Available records section start

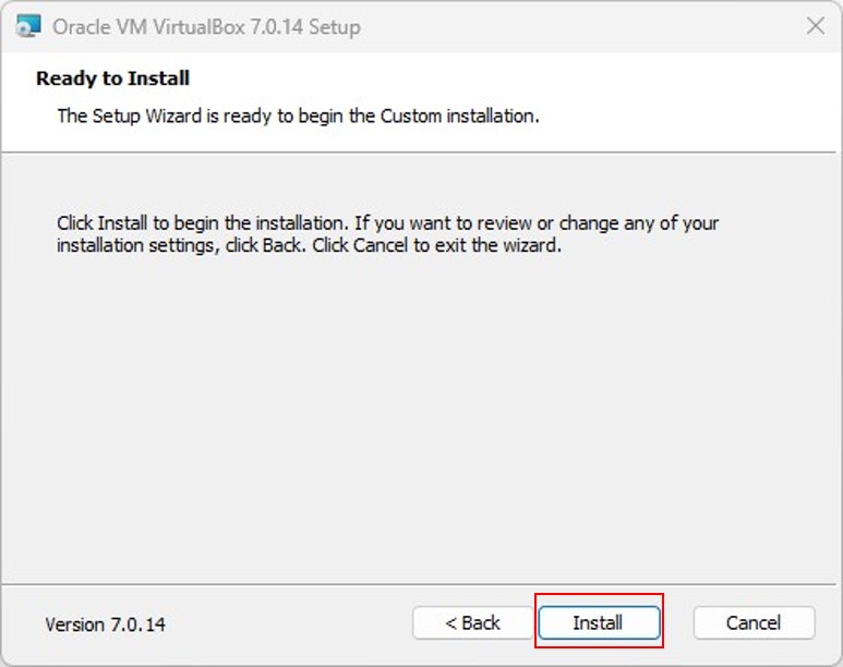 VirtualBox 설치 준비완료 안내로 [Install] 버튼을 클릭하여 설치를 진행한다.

Available records section end
Available records section start

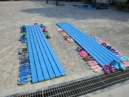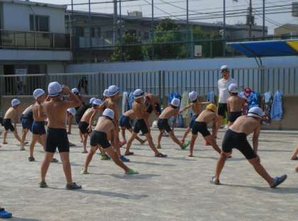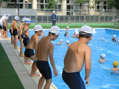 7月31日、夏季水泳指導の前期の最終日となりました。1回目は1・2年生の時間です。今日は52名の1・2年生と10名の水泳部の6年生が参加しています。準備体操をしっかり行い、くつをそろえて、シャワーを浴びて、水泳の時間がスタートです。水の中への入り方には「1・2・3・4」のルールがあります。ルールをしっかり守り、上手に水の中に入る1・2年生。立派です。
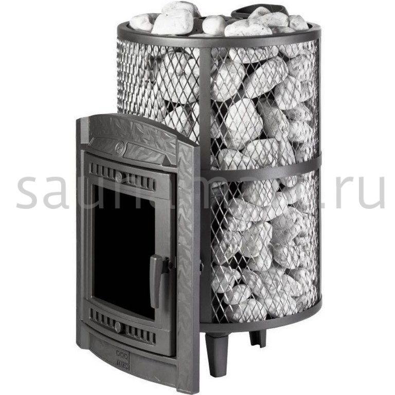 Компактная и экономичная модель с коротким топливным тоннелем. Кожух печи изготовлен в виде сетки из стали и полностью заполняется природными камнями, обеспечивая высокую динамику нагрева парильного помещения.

Available records section end

Your instructions
Copy out the lines above from the line containing "7月31日、夏季水泳指導の前" through the line containing "Компактная и экономичная", exactly, and keep the pictures out.

Written answer
 7月31日、夏季水泳指導の前期の最終日となりました。1回目は1・2年生の時間です。今日は52名の1・2年生と10名の水泳部の6年生が参加しています。準備体操をしっかり行い、くつをそろえて、シャワーを浴びて、水泳の時間がスタートです。水の中への入り方には「1・2・3・4」のルールがあります。ルールをしっかり守り、上手に水の中に入る1・2年生。立派です。
 Компактная и экономичная модель с коротким топливным тоннелем. Кожух печи изготовлен в виде сетки из стали и полностью заполняется природными камнями, обеспечивая высокую динамику нагрева парильного помещения.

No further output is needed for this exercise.